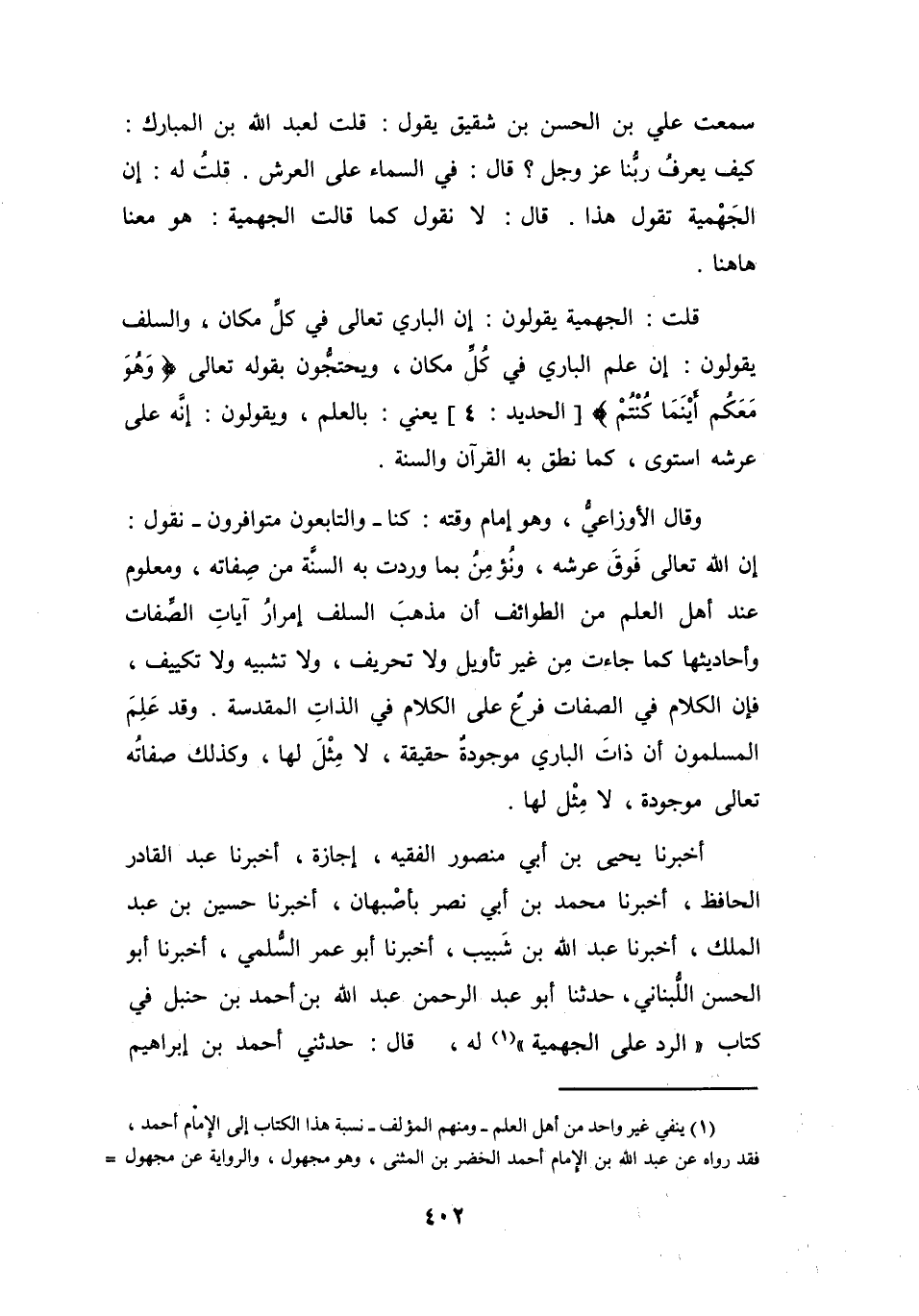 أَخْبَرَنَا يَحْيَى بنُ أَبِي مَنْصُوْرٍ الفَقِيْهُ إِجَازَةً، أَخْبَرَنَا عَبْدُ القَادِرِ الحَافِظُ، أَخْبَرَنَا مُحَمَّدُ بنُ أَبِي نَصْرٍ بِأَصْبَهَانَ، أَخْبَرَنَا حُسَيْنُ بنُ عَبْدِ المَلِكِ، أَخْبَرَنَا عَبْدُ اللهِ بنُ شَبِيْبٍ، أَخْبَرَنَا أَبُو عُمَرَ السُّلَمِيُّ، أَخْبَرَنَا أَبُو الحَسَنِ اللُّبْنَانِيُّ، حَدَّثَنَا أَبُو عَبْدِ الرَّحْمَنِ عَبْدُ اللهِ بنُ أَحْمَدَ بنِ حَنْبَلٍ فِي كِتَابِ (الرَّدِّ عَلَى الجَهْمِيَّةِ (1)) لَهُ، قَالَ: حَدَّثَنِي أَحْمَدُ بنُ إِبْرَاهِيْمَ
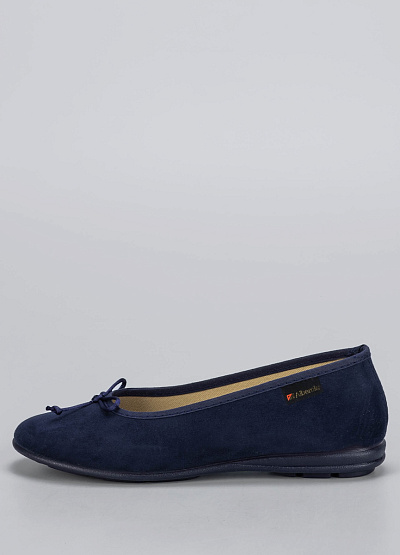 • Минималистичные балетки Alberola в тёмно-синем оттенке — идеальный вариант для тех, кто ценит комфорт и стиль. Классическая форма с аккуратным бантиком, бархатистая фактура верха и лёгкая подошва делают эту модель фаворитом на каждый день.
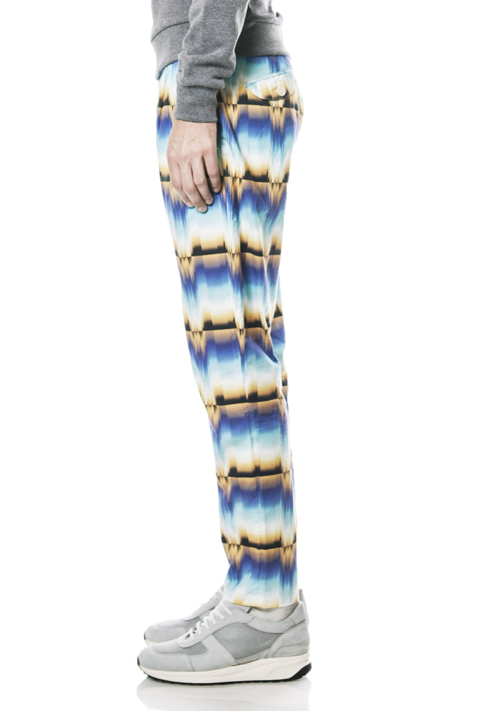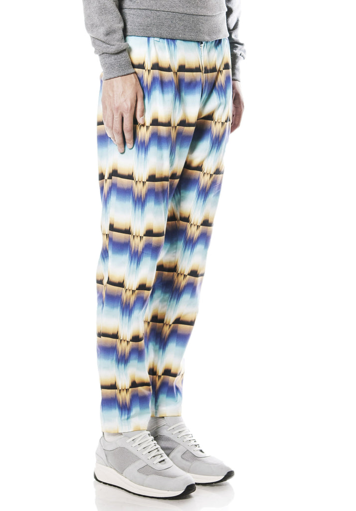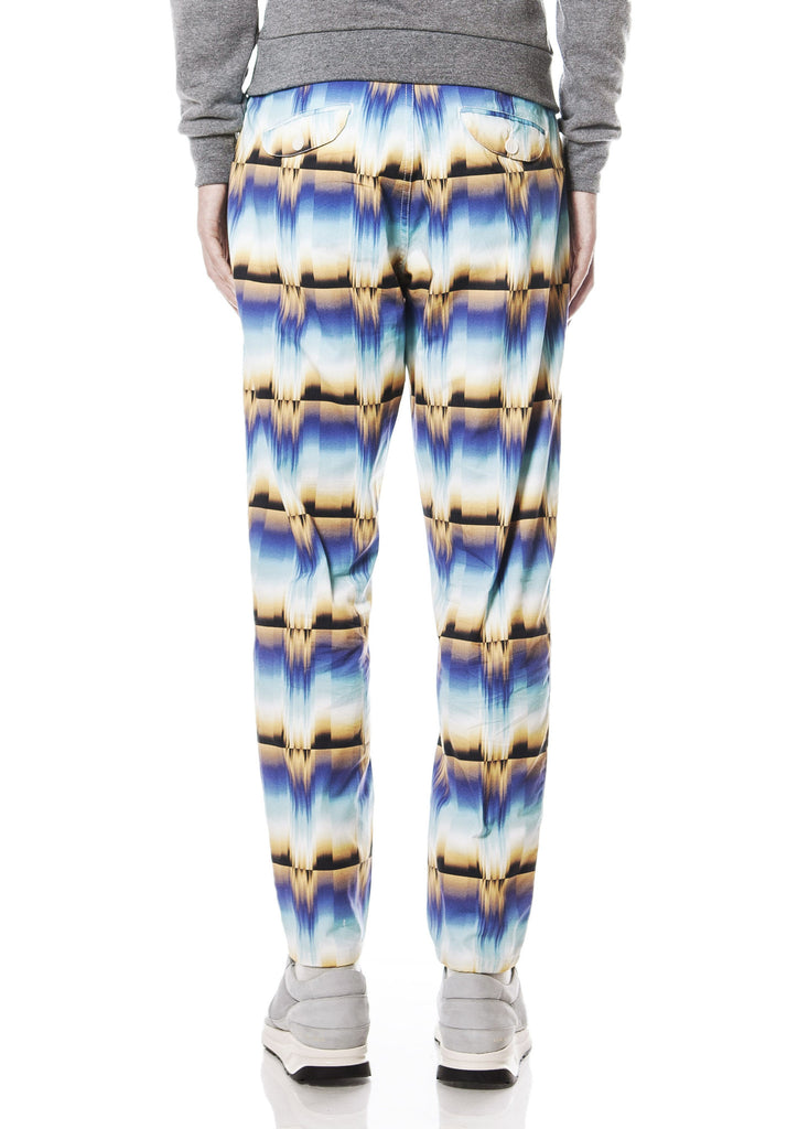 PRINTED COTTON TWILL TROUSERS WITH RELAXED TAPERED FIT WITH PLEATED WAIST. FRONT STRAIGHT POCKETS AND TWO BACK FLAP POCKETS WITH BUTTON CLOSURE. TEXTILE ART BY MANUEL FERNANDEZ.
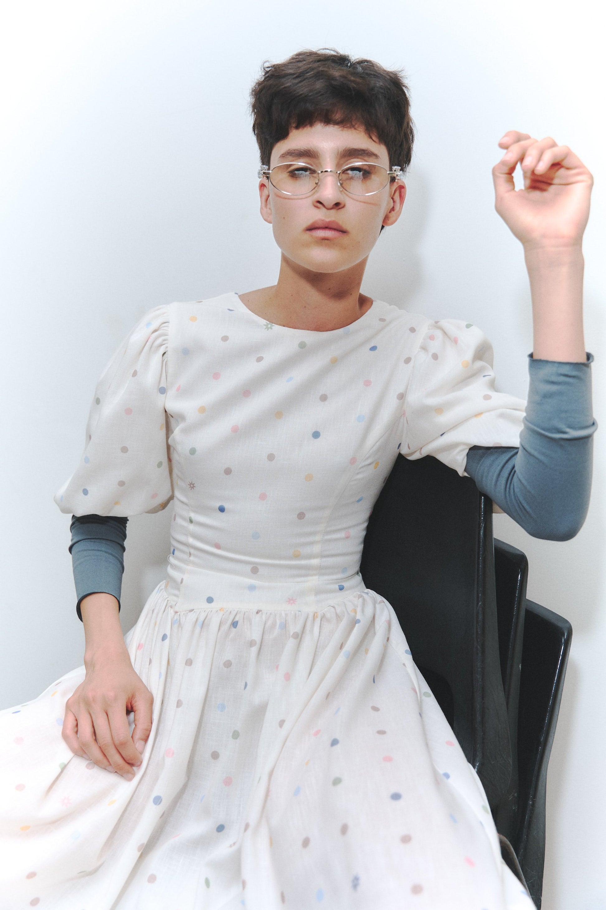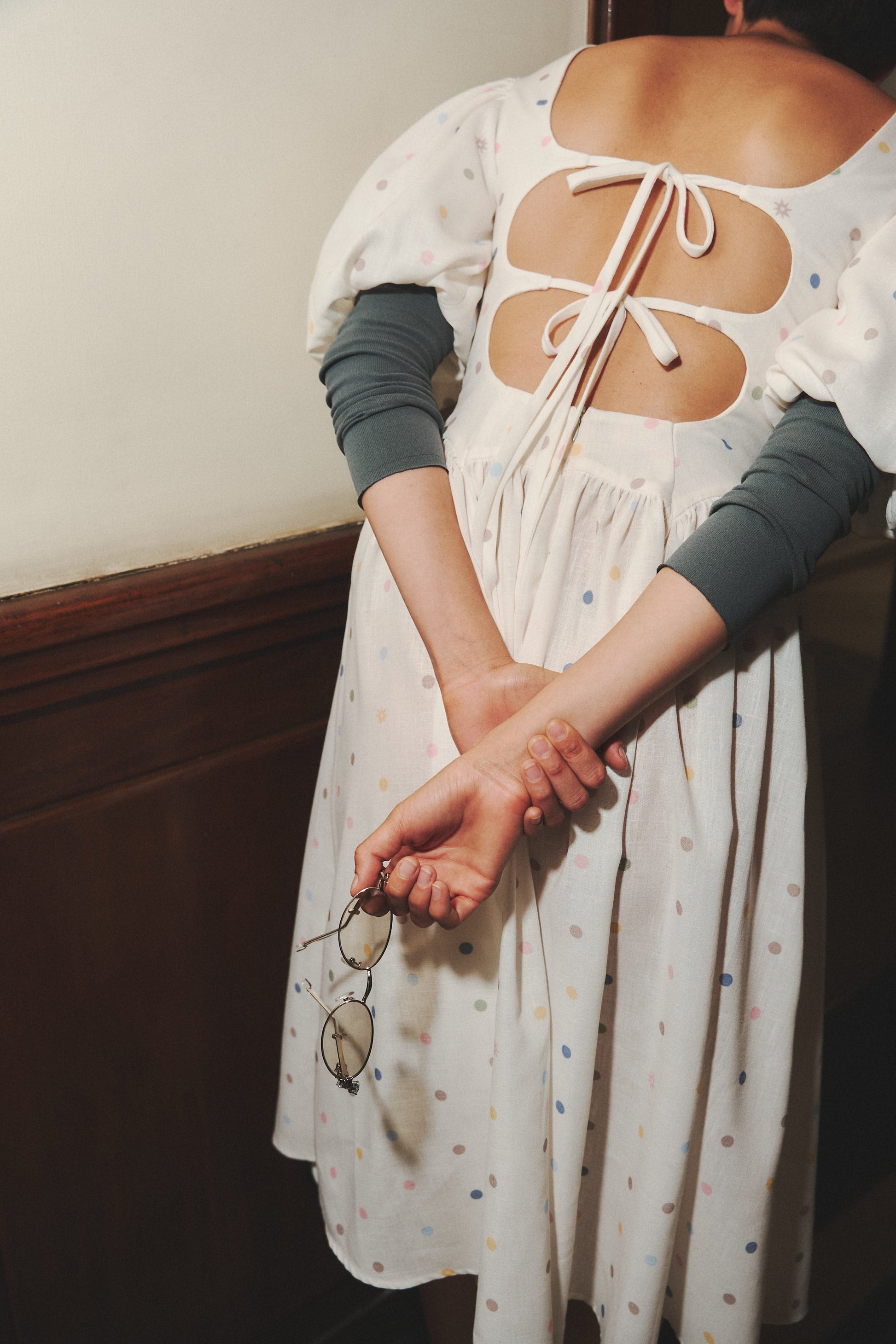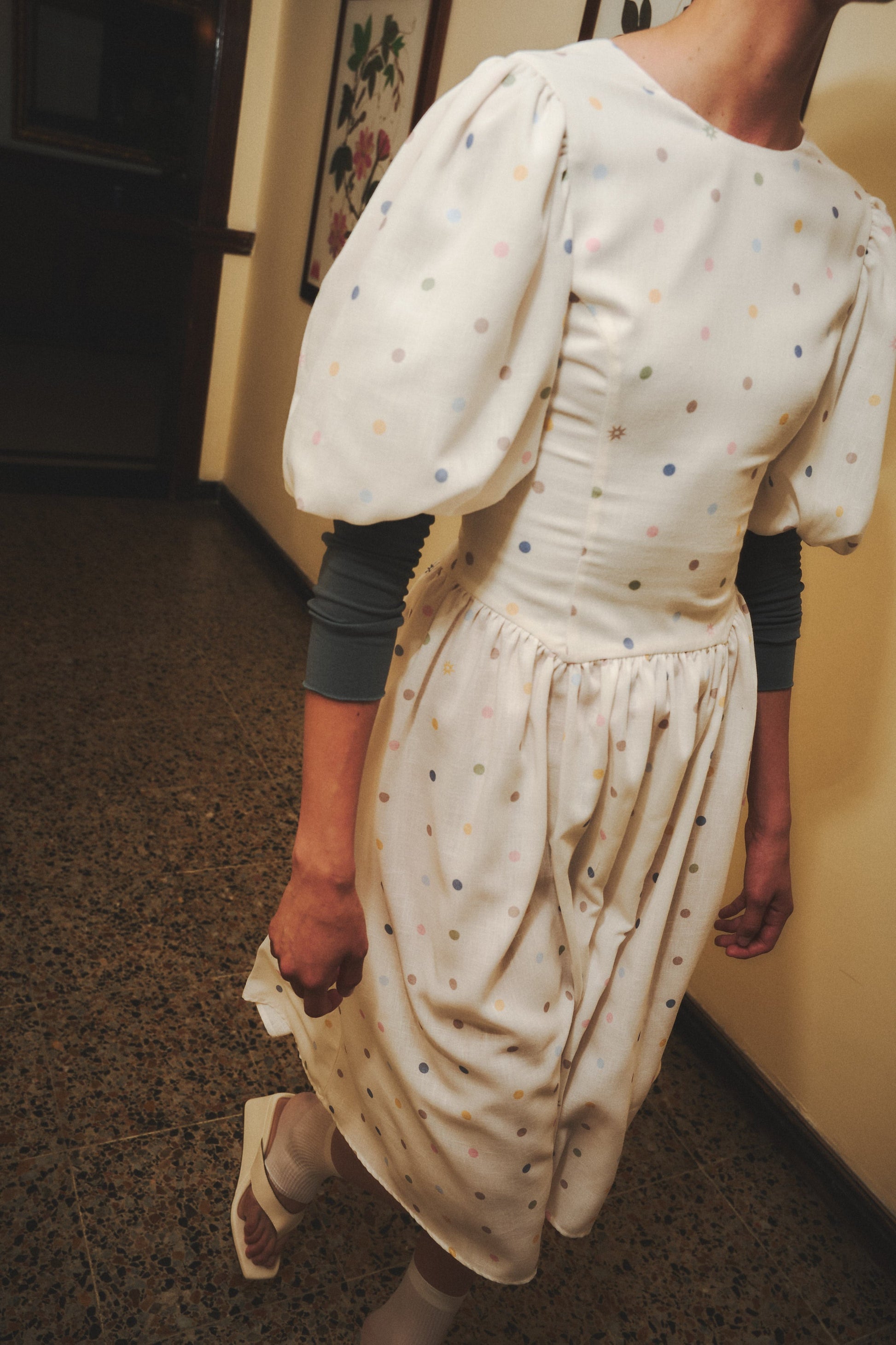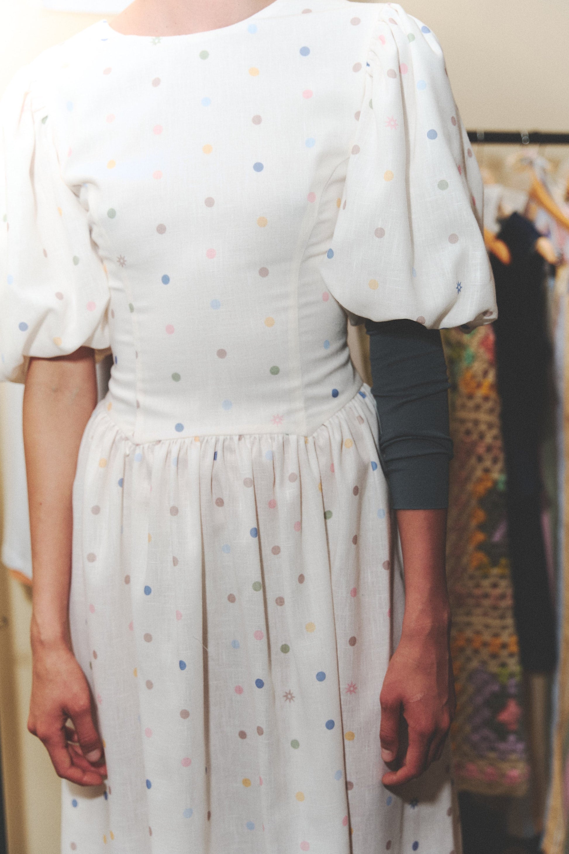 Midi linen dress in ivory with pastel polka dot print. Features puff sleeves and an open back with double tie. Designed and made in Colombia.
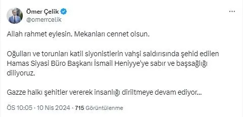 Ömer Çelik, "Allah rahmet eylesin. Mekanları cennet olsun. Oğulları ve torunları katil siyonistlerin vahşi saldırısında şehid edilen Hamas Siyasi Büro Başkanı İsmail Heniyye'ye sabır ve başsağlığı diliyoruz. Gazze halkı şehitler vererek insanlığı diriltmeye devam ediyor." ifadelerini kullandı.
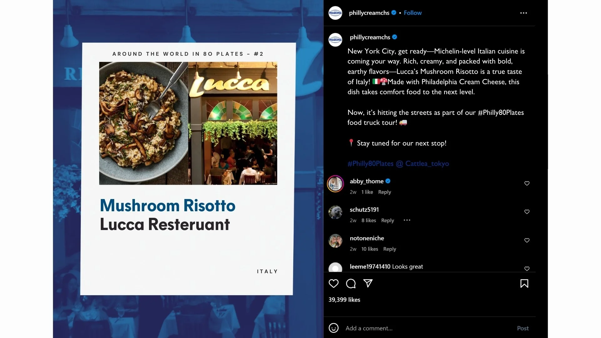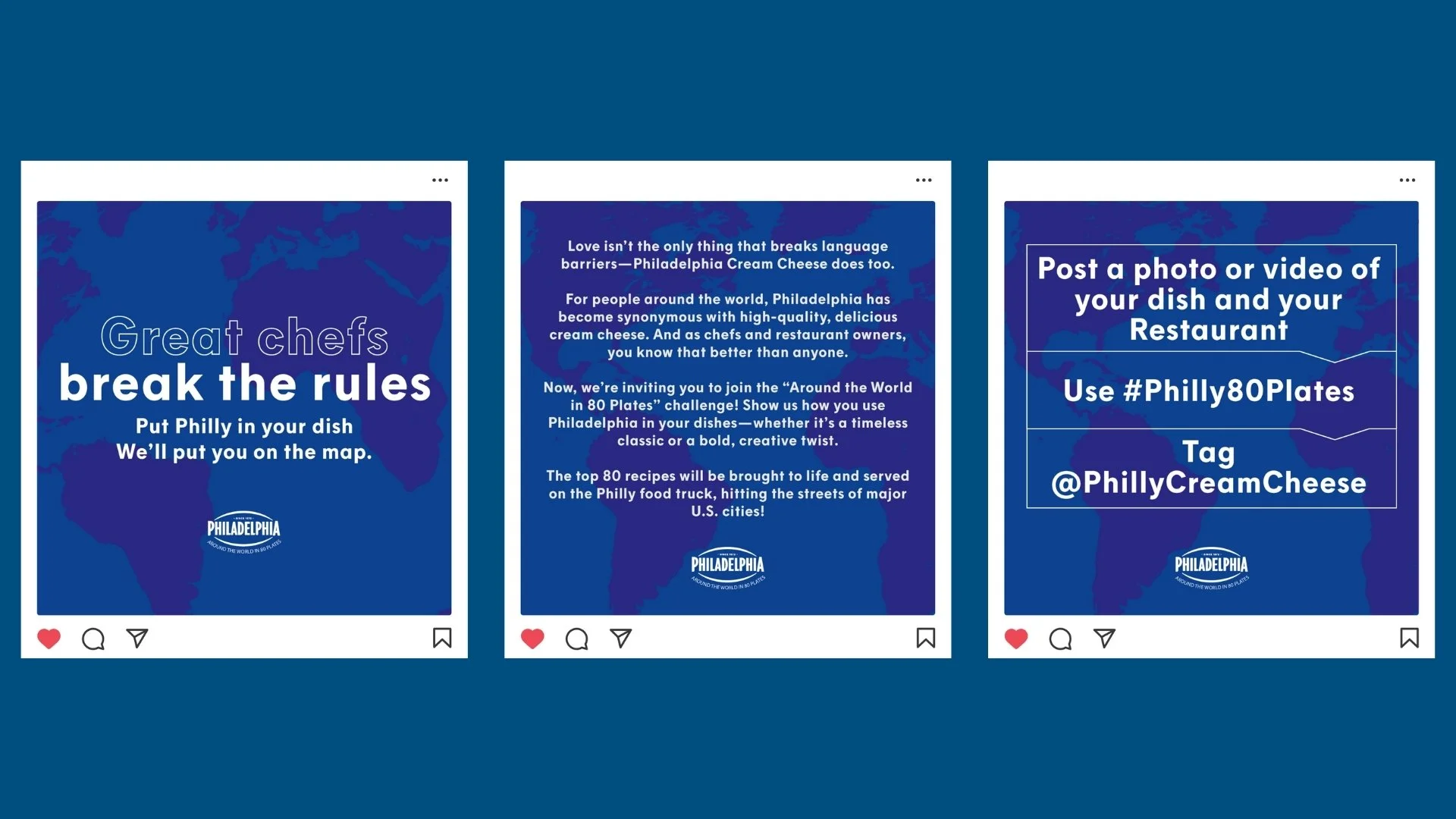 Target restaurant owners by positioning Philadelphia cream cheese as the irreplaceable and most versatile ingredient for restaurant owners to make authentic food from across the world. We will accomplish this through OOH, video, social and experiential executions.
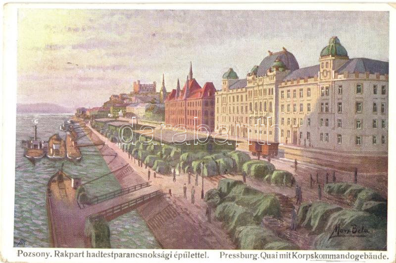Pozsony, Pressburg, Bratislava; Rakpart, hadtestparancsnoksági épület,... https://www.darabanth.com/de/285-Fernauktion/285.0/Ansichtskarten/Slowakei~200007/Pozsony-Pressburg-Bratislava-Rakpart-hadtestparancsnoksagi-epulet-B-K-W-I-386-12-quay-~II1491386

● **ABOUT THIS TASK**
Repeat all entries exactly, pictures excluded.

● **TASK ANSWER**
 أَخْبَرَنَا يَحْيَى بنُ أَبِي مَنْصُوْرٍ الفَقِيْهُ إِجَازَةً، أَخْبَرَنَا عَبْدُ القَادِرِ الحَافِظُ، أَخْبَرَنَا مُحَمَّدُ بنُ أَبِي نَصْرٍ بِأَصْبَهَانَ، أَخْبَرَنَا حُسَيْنُ بنُ عَبْدِ المَلِكِ، أَخْبَرَنَا عَبْدُ اللهِ بنُ شَبِيْبٍ، أَخْبَرَنَا أَبُو عُمَرَ السُّلَمِيُّ، أَخْبَرَنَا أَبُو الحَسَنِ اللُّبْنَانِيُّ، حَدَّثَنَا أَبُو عَبْدِ الرَّحْمَنِ عَبْدُ اللهِ بنُ أَحْمَدَ بنِ حَنْبَلٍ فِي كِتَابِ (الرَّدِّ عَلَى الجَهْمِيَّةِ (1)) لَهُ، قَالَ: حَدَّثَنِي أَحْمَدُ بنُ إِبْرَاهِيْمَ
 • Минималистичные балетки Alberola в тёмно-синем оттенке — идеальный вариант для тех, кто ценит комфорт и стиль. Классическая форма с аккуратным бантиком, бархатистая фактура верха и лёгкая подошва делают эту модель фаворитом на каждый день.
 PRINTED COTTON TWILL TROUSERS WITH RELAXED TAPERED FIT WITH PLEATED WAIST. FRONT STRAIGHT POCKETS AND TWO BACK FLAP POCKETS WITH BUTTON CLOSURE. TEXTILE ART BY MANUEL FERNANDEZ.
 Midi linen dress in ivory with pastel polka dot print. Features puff sleeves and an open back with double tie. Designed and made in Colombia.
 Ömer Çelik, "Allah rahmet eylesin. Mekanları cennet olsun. Oğulları ve torunları katil siyonistlerin vahşi saldırısında şehid edilen Hamas Siyasi Büro Başkanı İsmail Heniyye'ye sabır ve başsağlığı diliyoruz. Gazze halkı şehitler vererek insanlığı diriltmeye devam ediyor." ifadelerini kullandı.
 Target restaurant owners by positioning Philadelphia cream cheese as the irreplaceable and most versatile ingredient for restaurant owners to make authentic food from across the world. We will accomplish this through OOH, video, social and experiential executions.
Pozsony, Pressburg, Bratislava; Rakpart, hadtestparancsnoksági épület,... https://www.darabanth.com/de/285-Fernauktion/285.0/Ansichtskarten/Slowakei~200007/Pozsony-Pressburg-Bratislava-Rakpart-hadtestparancsnoksagi-epulet-B-K-W-I-386-12-quay-~II1491386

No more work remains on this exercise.